» **Try it**
Retype, exactly as they stand, the lines from the start of the data to the line that contains "陜西省安全技術防范從業技術人員行業標準宣貫培訓班考試合格名單公示", both ends included. Leave the pictures out.

Top of Information supplied

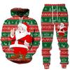 Kış Noel Erkek Kadın Kapüşonlular Set Streetwear Casual Kazak Takım Elbise Gevşek Koşu Eşofman 3D Baskılı Tişörtü + Uzun Pantolon
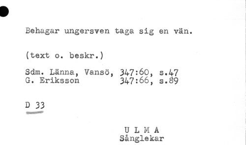 //// ) //// t //// t //// ! //// i //// Behagar ungersven taga sig en vän. //// ! //// < //// (text o. beskr.) //// Sdm. Länna, Vansö, 347:60, s.47 //// G. Eriksson 347:66, s.39 //// D 33 //// i //// ! //// U L M A I //// Sånglekar ////
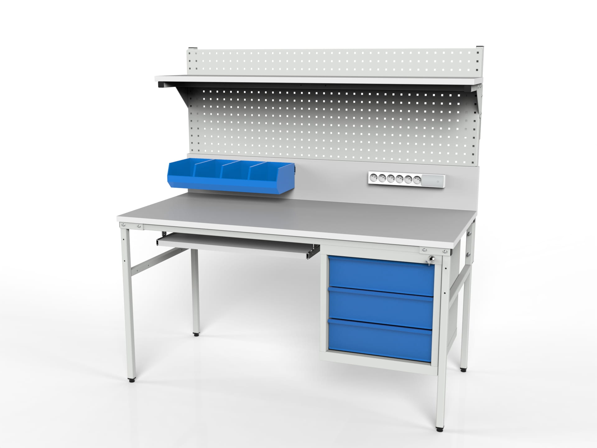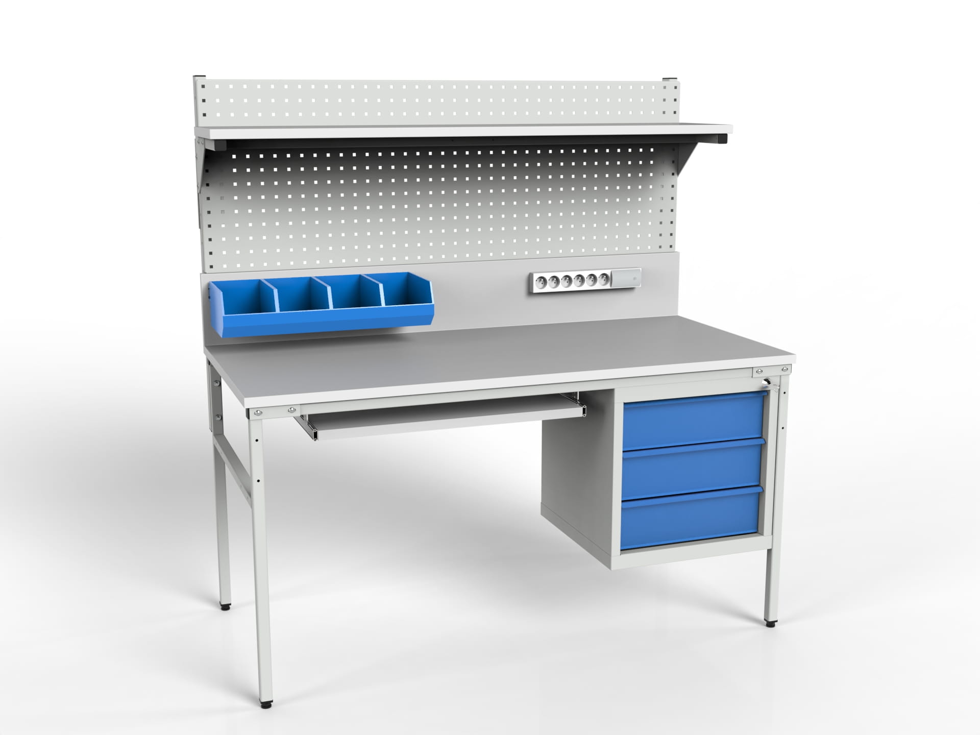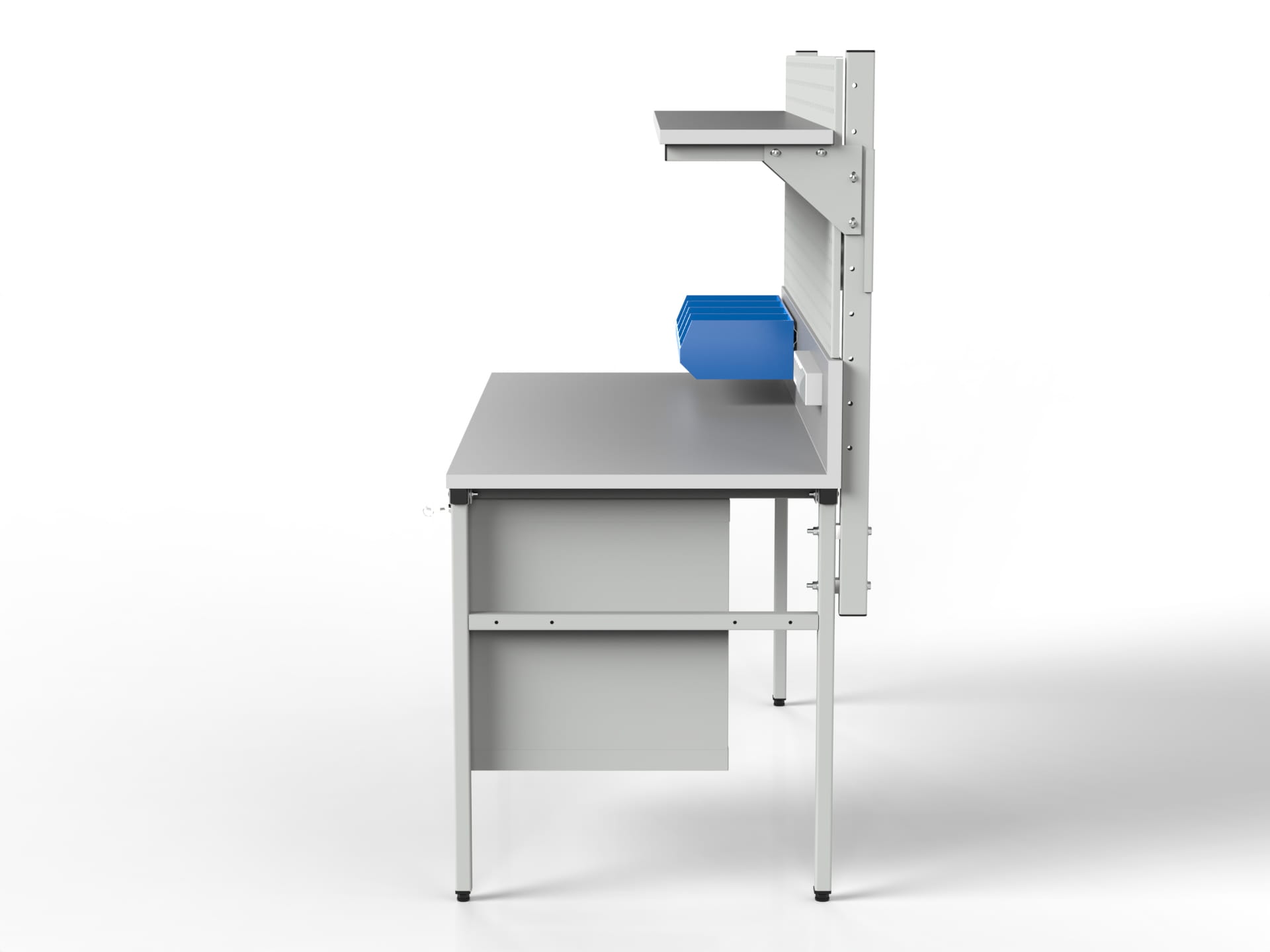 Stół roboczy o stałej wysokości blatu SMPK1 z szafką narzędziową, półką i ścianką perforowaną
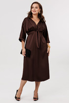 Платье полуприлегающего силуэта, выполненное на запах, длиной до середины бедра. Платье отрезное по линии талии. Лиф спинки со средним швом и рельефами. Лиф переда с рельефами от пройм до подреза по талии. Юбка спинки со средним швом и талиевыми вытачками. Юбка переда ассиметричная: правый перед укорочен, левый перед удлинен. Воротник пиджачного типа. Рукава двушовные, втачные, длинные. Застежка по переду на петли и пуговицы. Платье на подкладке с плечевыми накладками.
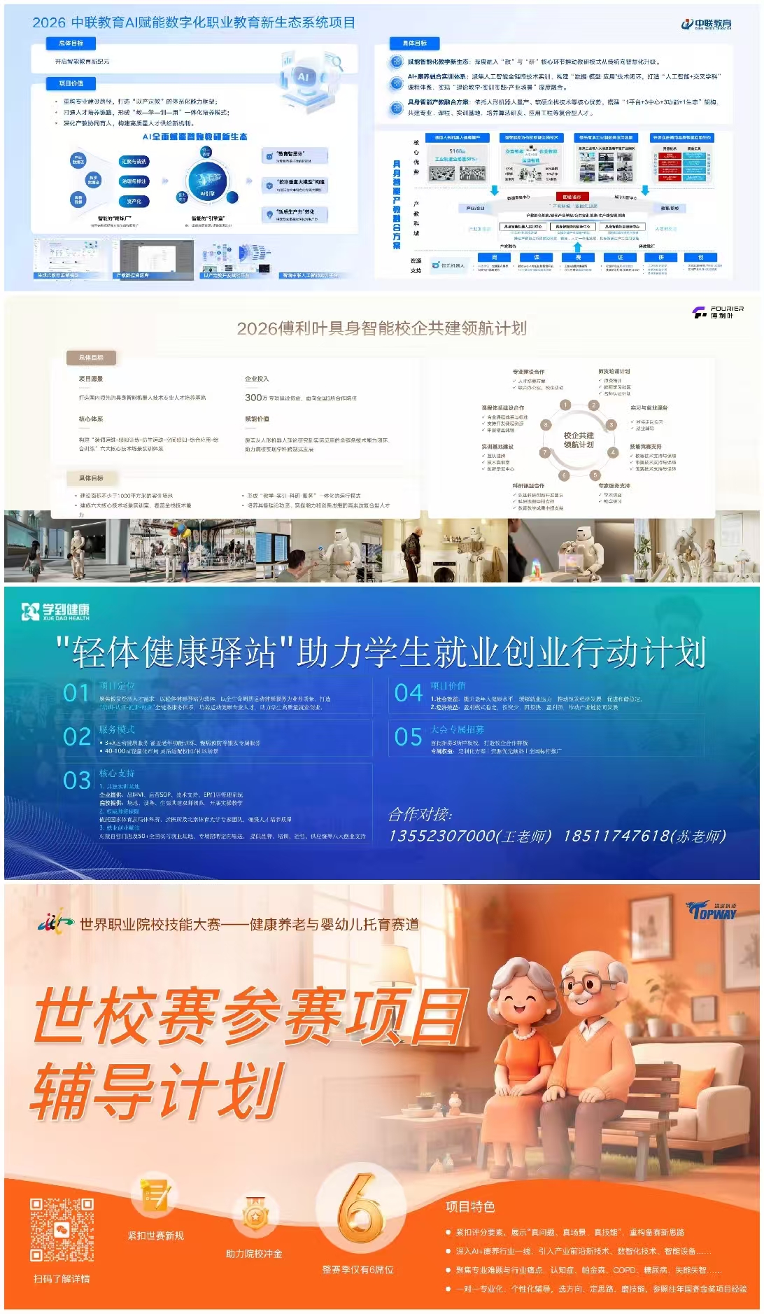 企业参与并赞助专业共建及人才培养是本次大会亮点!四大校企合作项目是中联集团教育科技的《AI赋能数字化职业教育》、上海傅利叶的《具身智能校企共建领航计划》、北京学到健康集团的《健康驿站就业创业》、上海踏瑞科技的《世校赛参赛辅导计划》,四大前沿项目均面向全国遴选3所院校开展项目深度共建,为康养人才培训提供产业资源支撑,推动人才培训评价工作与产业需求精准对接。
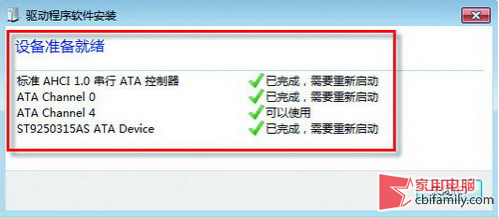 安裝完磁盤驅動后,系統會提示正在安裝設備驅動,大約過1分鐘左右,會彈出“設備準備就緒”的提示窗口(圖4),點擊“關閉”按鈕重新啟動系統即可。
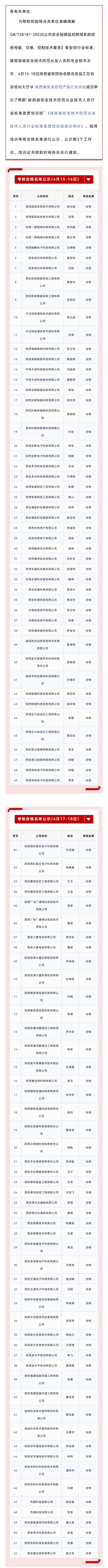陜西省安全技術防范從業技術人員行業標準宣貫培訓班考試合格名單公示
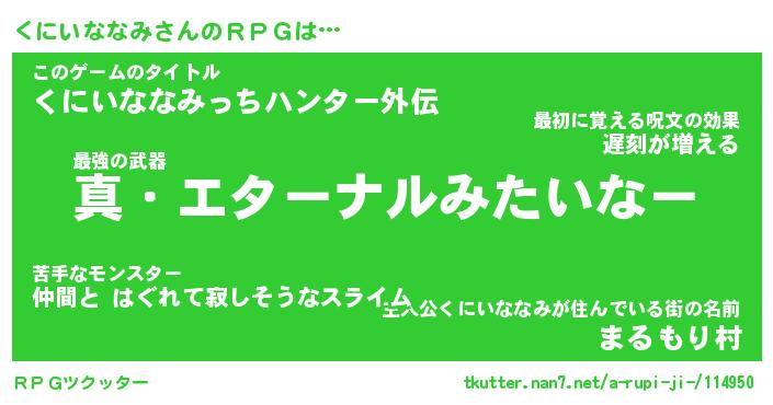 | 男性向けラノベタイトル風あだ名 | 『クニイナナミアートオンライン』 |

Bottom of Information supplied

» **Written answer**
 Kış Noel Erkek Kadın Kapüşonlular Set Streetwear Casual Kazak Takım Elbise Gevşek Koşu Eşofman 3D Baskılı Tişörtü + Uzun Pantolon
 //// ) //// t //// t //// ! //// i //// Behagar ungersven taga sig en vän. //// ! //// < //// (text o. beskr.) //// Sdm. Länna, Vansö, 347:60, s.47 //// G. Eriksson 347:66, s.39 //// D 33 //// i //// ! //// U L M A I //// Sånglekar ////
 Stół roboczy o stałej wysokości blatu SMPK1 z szafką narzędziową, półką i ścianką perforowaną
 Платье полуприлегающего силуэта, выполненное на запах, длиной до середины бедра. Платье отрезное по линии талии. Лиф спинки со средним швом и рельефами. Лиф переда с рельефами от пройм до подреза по талии. Юбка спинки со средним швом и талиевыми вытачками. Юбка переда ассиметричная: правый перед укорочен, левый перед удлинен. Воротник пиджачного типа. Рукава двушовные, втачные, длинные. Застежка по переду на петли и пуговицы. Платье на подкладке с плечевыми накладками.
 企业参与并赞助专业共建及人才培养是本次大会亮点!四大校企合作项目是中联集团教育科技的《AI赋能数字化职业教育》、上海傅利叶的《具身智能校企共建领航计划》、北京学到健康集团的《健康驿站就业创业》、上海踏瑞科技的《世校赛参赛辅导计划》,四大前沿项目均面向全国遴选3所院校开展项目深度共建,为康养人才培训提供产业资源支撑,推动人才培训评价工作与产业需求精准对接。
 安裝完磁盤驅動后,系統會提示正在安裝設備驅動,大約過1分鐘左右,會彈出“設備準備就緒”的提示窗口(圖4),點擊“關閉”按鈕重新啟動系統即可。
陜西省安全技術防范從業技術人員行業標準宣貫培訓班考試合格名單公示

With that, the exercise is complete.